Nicolas Pitre writes:
> lpn: memory violation at pc=0x020140c0, lr=0x020282f0 
>     (bad address=0x020140c0, code 1)
> pc : [<020140c0>]    lr : [<020282f0>]
> r7 : 01fa582c  r6 : 020f4090  r5 : 020adf88  r4 : 00001800

Well, looking at the register dump, the page fault handler has
not been called via the prefetch handler.  Also, according to
my ARM ARM documentation, the FAR is not updated on prefetch
abort handlers, but we know how reliable that is.

>  20140c0:       e5864000        str     r4, [r6]

When your hack is triggered, could you try calling
show_pte(current->mm, regs->ARM_pc) please?  This should tell
you what's in the page tables for the task.

Also, could you try to find out what the value is in memory
there when the handler is called?

> What is really weird about it is the fact that the faulty address is equal
> to the pc.  However, r6 which is used to do the str contains actually a
> good address and is quite different from the pc.

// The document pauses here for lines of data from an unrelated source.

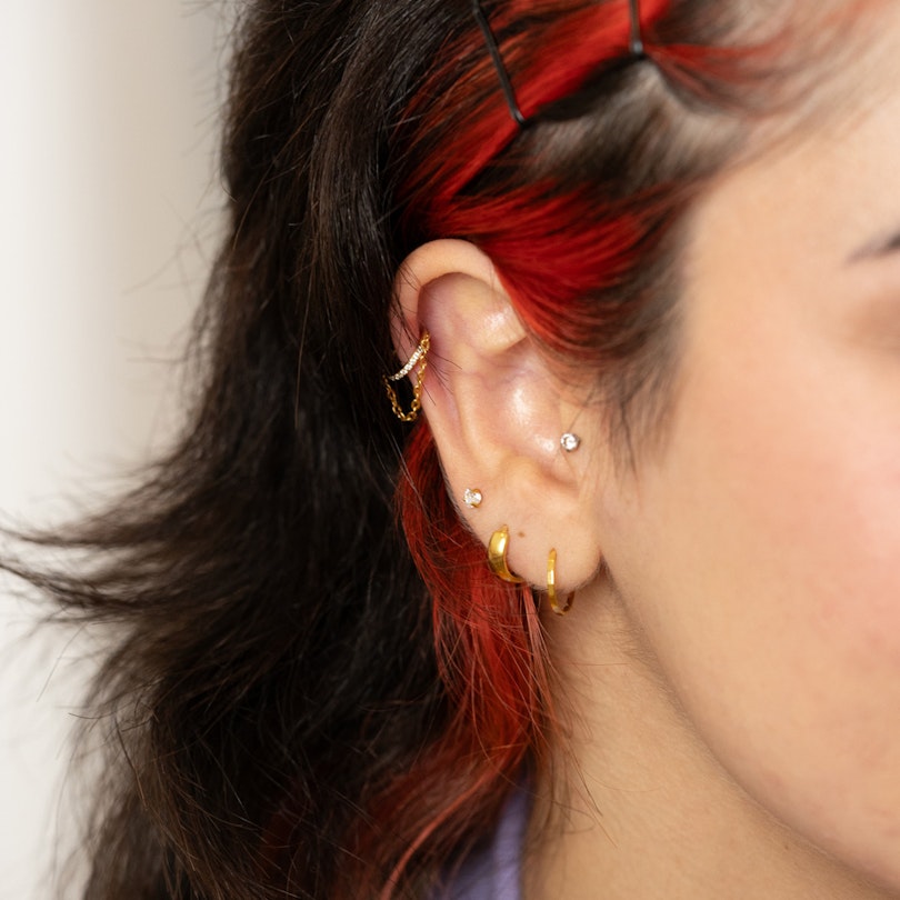 Available in a choice of gold or silver finishes, and 8 mm or 10 mm diameters, this piece will add a stylish touch to your ear arrangement wherever you choose to wear it.
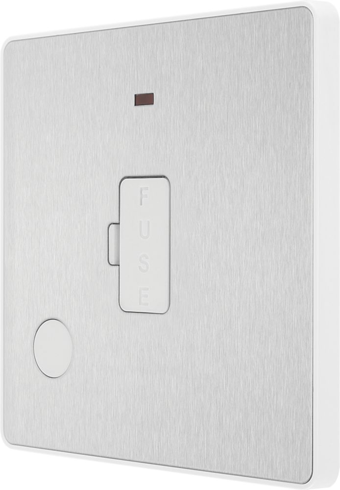 British General Evolve 13A Unswitched Fused Spur with LED Brushed Steel with White Inserts
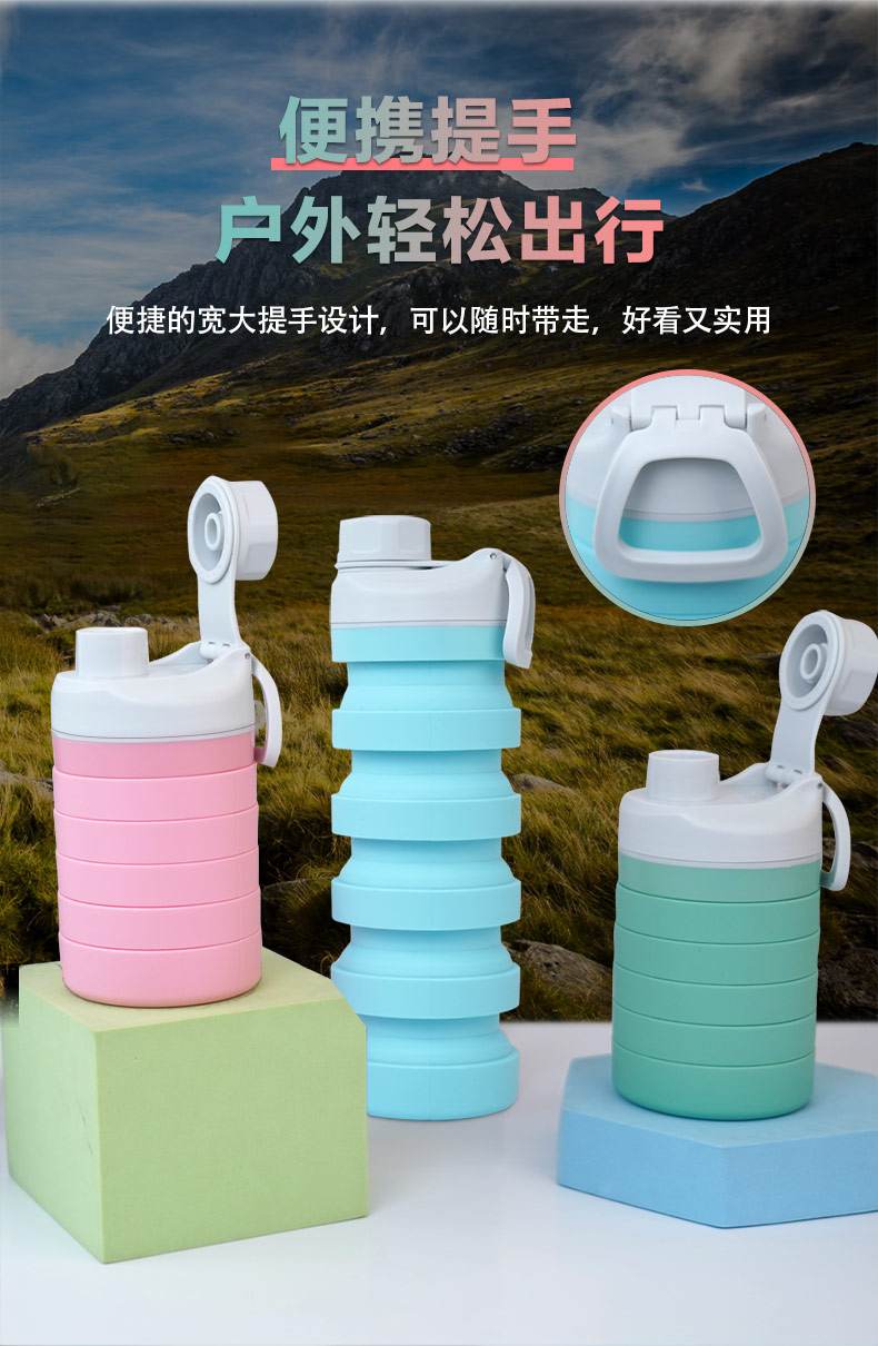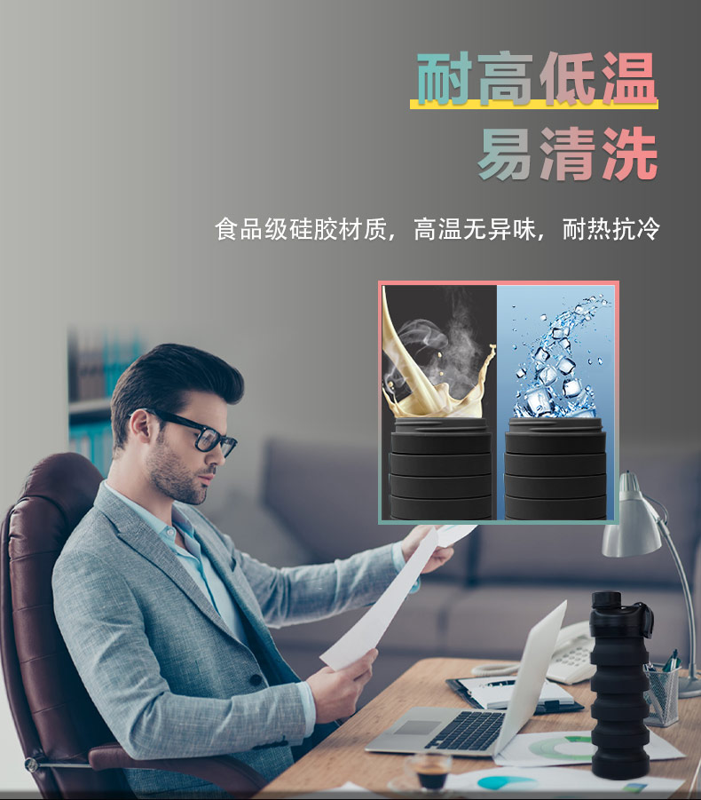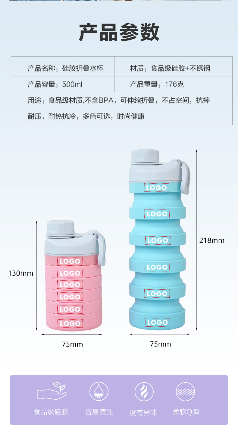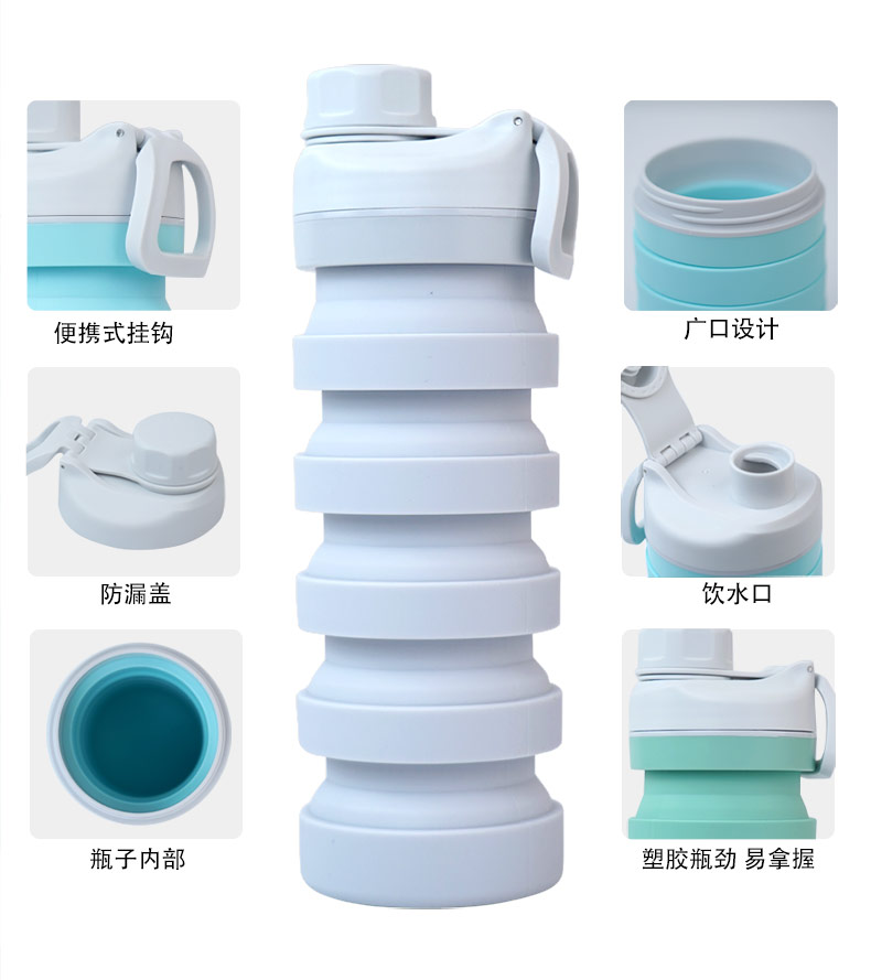 用途:食品級材質(zhì),不含BPA,可伸縮折疊,不占空間,抗摔 耐壓,耐熱抗冷,多色可選,時尚健康
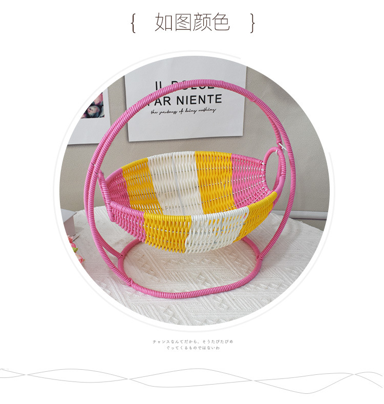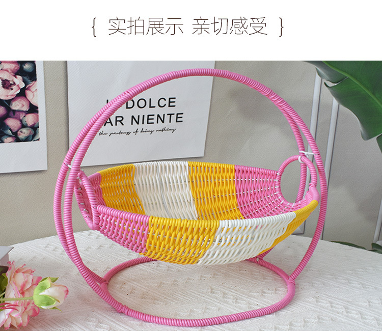 籐模様の手編み収納バスケット、クリエイティブな丸型吊り下げフルーツバスケット、家庭用、ホテル用、スナック、ドライフルーツ収納バスケット、猫の巣

Is there any chance you could try modifing the instruction to
be pre-indexed instead of post-indexed?

> 1) In some situations, the CPU generates a data abort exception
> instead of a prefetch abort exception as it should be.  This
> would explain why the faulty address is equal to the pc.  And
> since this happens in the middle of a page and there is no way
> to jump exacly there from another page, this should hapen right
> after a context switch.  However the data abort handler gets
> the offending memory address from the FAR register but the
> documentation says that it is used only for data abort exceptions.
> So is the FAR updated for prefetch abort exception too?  If not,
> this might not be a wrongly identified prefetch exception but
> really a data abort exception.  And since the data abort handler
> substract 8 from the pc instead of 4, the pc and faulting address
> shouldn't match.

A way of checking this would be to introduce a new field in the task
structure which contains the PC that the context switch switched to.
This can be found on the kernel stack, at stack_base+4084.  Then, when
the problem occurs, you can find out where the context switch returned
control to.

> 2) In some situations, maybe when the process is restarted after
> a context switch or similar, the str opcode takes the pc register
> instead of the r6 register in this case to dereference the address
> to use for storing.  This would fault since the text segment is
> mapped read-only.  But here if the pc register was actually used
> it would have been 8 bytes ahead from the instruction's address,
> which isn't the case.

It indeed would fault, and the conditions that the register dump
are indicating are in fact indicating a user mode store to the
current PC location.

My `bug' on just one NetWinder (but not another) seemed to be
an apparant random pipeline error.  I never did get this resolved
by CCC/HCC/whoever it is, and it's still sitting around here.
Unfortunately, when I sent it back to them, they just tested it
with their stuff, and didn't find anything wrong.  Yet, the same
code running on two supposed identical NetWinders caused one to
crash but not the other.  I'm not certain what I can do about this
NetWinder now - I now use it solely for testing kernels on, but
nothing else since it can't be trusted.